■ What needs to be done:
Below is a block of entries; repeat exactly the lines starting at the line that contains "Black Catbird (Melanoptila" and ending at the line that contains "We can see the", both included.

■ Entries taken from a collection:
BEGIN
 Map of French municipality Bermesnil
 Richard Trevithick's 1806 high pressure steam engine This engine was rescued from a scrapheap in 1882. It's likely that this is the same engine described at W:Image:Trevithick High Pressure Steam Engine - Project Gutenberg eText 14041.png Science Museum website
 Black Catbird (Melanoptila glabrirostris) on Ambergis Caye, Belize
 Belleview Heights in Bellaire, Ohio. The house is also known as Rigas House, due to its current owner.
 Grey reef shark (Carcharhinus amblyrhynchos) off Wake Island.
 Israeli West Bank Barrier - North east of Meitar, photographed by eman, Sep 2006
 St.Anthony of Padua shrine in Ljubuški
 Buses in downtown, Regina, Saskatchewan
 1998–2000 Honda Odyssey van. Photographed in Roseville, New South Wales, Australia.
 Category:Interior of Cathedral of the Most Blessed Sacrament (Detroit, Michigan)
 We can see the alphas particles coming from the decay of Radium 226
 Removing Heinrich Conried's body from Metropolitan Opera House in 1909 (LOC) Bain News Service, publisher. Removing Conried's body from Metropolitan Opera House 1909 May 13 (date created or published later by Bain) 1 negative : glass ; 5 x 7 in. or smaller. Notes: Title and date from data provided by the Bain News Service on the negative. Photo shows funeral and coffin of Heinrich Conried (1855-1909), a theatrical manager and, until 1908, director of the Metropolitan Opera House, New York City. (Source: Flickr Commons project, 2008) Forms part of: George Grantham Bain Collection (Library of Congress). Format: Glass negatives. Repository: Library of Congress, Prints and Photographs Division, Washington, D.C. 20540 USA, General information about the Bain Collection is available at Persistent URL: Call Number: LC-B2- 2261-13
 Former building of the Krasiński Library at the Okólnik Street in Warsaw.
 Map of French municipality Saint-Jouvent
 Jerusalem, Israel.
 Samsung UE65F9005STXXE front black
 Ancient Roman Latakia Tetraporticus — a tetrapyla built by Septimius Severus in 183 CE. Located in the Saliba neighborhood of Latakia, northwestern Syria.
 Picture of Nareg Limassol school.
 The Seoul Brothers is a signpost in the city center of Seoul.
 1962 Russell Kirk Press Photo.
END
■ Exercise answer:
 Black Catbird (Melanoptila glabrirostris) on Ambergis Caye, Belize
 Belleview Heights in Bellaire, Ohio. The house is also known as Rigas House, due to its current owner.
 Grey reef shark (Carcharhinus amblyrhynchos) off Wake Island.
 Israeli West Bank Barrier - North east of Meitar, photographed by eman, Sep 2006
 St.Anthony of Padua shrine in Ljubuški
 Buses in downtown, Regina, Saskatchewan
 1998–2000 Honda Odyssey van. Photographed in Roseville, New South Wales, Australia.
 Category:Interior of Cathedral of the Most Blessed Sacrament (Detroit, Michigan)
 We can see the alphas particles coming from the decay of Radium 226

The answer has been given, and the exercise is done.